Should data for spaCy be a Nix package?

spaCy is a Pip package on PyPI and a Nix package on nixpkgs containing the source code for a natural language processing.

en_core_web_sm is a Pip package at spaCy’s GitHub releases containing the data for the pipeline (for English, trained on the web, and is small-ish).

Should en_core_web_sm and its friends be a Nix package in nixpkgs?

Are there other instances that discuss using Nix to manage “data packages”?

AFAIK, there is no clear rule to point to, but if the data is easy to download from within the library (e.g. like how you would just run nltk.download() for nltk), and/or the library is not used by a bunch of programs that would need patching to acquire or relocate the data, I think it might do more harm than good. The binary cache currently stores all sources, all versions. Considering normal source repositories are pretty small, large corpora and other datasets like this would quickly eat an unreasonable chunk of the budget. It should probably be avoided if possible. But as mentioned earlier, it might be considered “impossible” or at least not worth the effort if it requires a bunch of patching and mitigations to do so.

That being said, we do store some kinds of data-like packages, like icon themes and wordlists so I’m not sure where to put any clear threshold.
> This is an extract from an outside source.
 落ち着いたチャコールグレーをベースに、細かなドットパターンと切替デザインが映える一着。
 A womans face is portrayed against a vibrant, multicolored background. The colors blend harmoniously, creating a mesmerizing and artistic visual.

One trouble is that spaCy’s download(...) wants to use Pip to download its dataset, so spaCy "should be patched to do that in a way that is compatible with Nix.

However, the data package need not be stored in Nix.
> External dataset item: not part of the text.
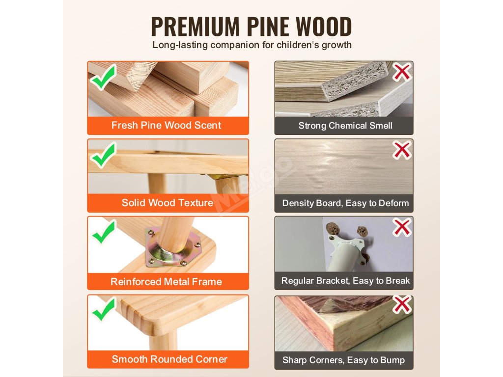 Deska stolu a nohy našeho smyslového hracího stolku jsou vyrobeny z prvotřídního borovicového dřeva, leštěného do hladka bez ostrých rohů a otřepů. Deska stolu o tloušťce 1/ 2,5 cm unese maximální hmotnost 66 liber/30 kg a roste spolu se zdravím vašeho dítěte.
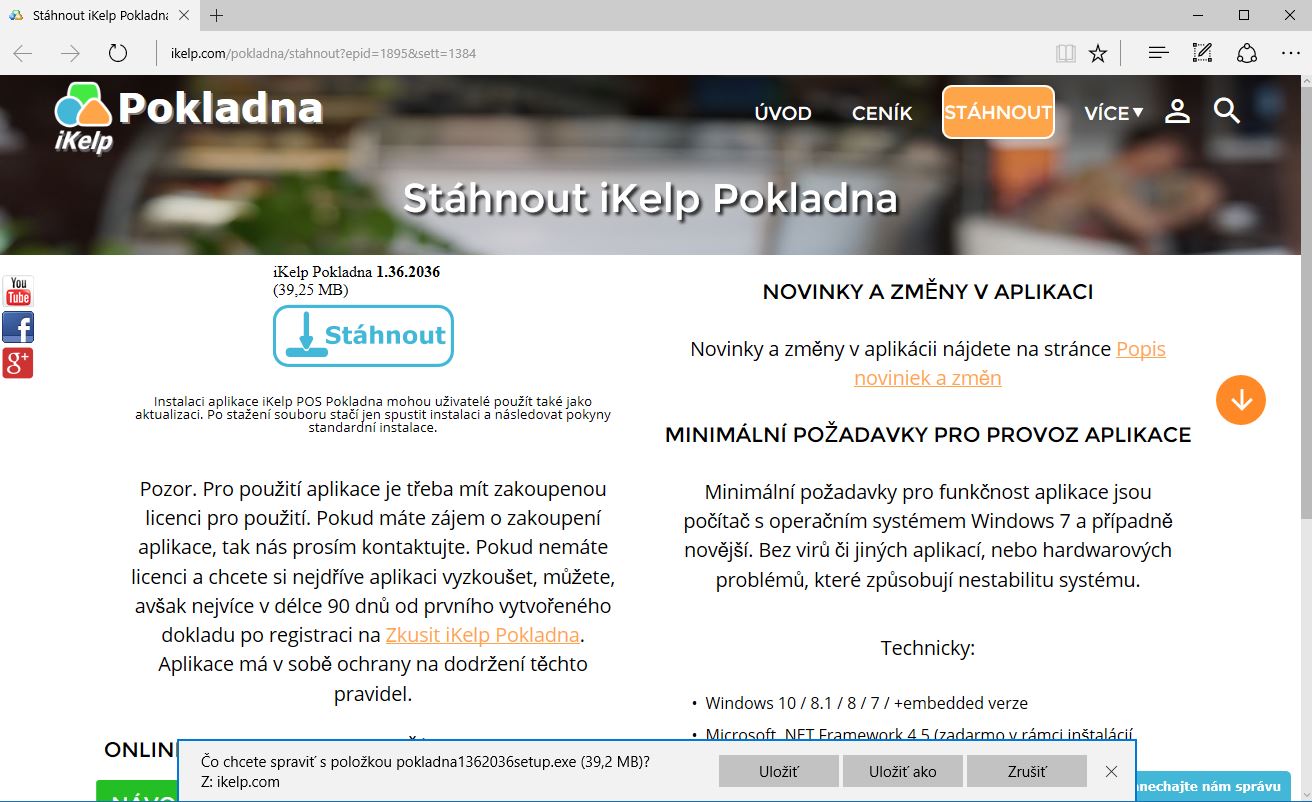 Instalaci aplikace je možné stáhnout z internetové stránky http://www.ikelp.com/pokladna nebo kliknutím na tento odkaz Stáhnout iKelp Pokladna.

As a user it’s quite cumbersome to have to download the data needed by a package, especially since nix often doesn’t play well with custom downloaders. E.g. I think nltk tries to download directly to the nltk Python package location, which is in the nix store.
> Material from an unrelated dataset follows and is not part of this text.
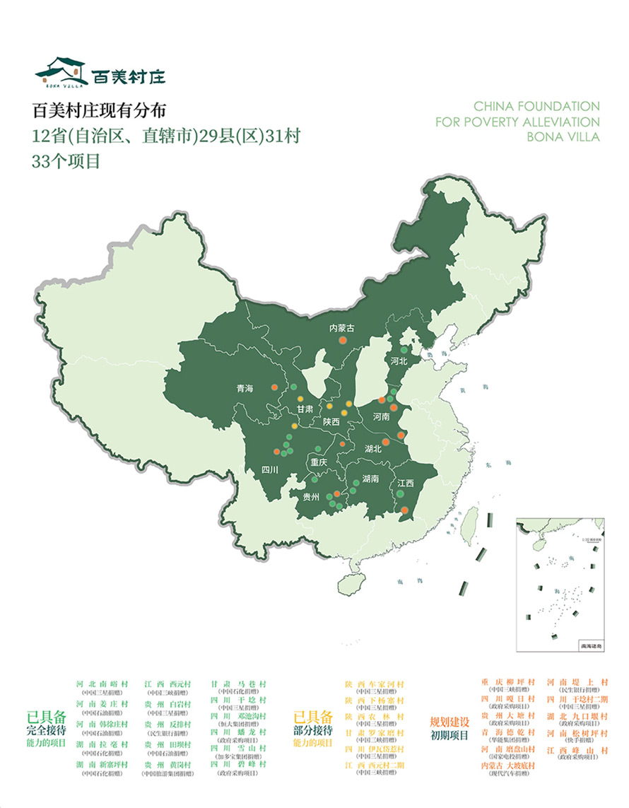 截至 2022 年5 月,项目分布在全国河北、河南、甘肃、陕西、贵州、湖南、四川、江西、重庆、青海、内蒙古、湖北等12省(自治区、直辖市)29县(区)31 村,共计 33个项目。

I don’t think it necessarily has to be a separate package, it can also for example be a function like spacy.withModels (models: [models.en_core_web_sm]). Either way it should be possible to make sure hydra doesn’t build and cache it, e.g. using Nixpkgs Reference Manual , so it can be fetched directly from the source by the user.

1 Like

I found pkgs/development/python-modules/spacy/models.json, which gets imported by pkgs/development/python-modules/spacy/models.nix, but I don’t know where it goes after that.

How do I actually reference the spaCy models (already in Nixpkgs) from a Nix expression?

Not sure why it isn’t in nixpkgs search, but it looks like it should be available as python3packages.spacy-models.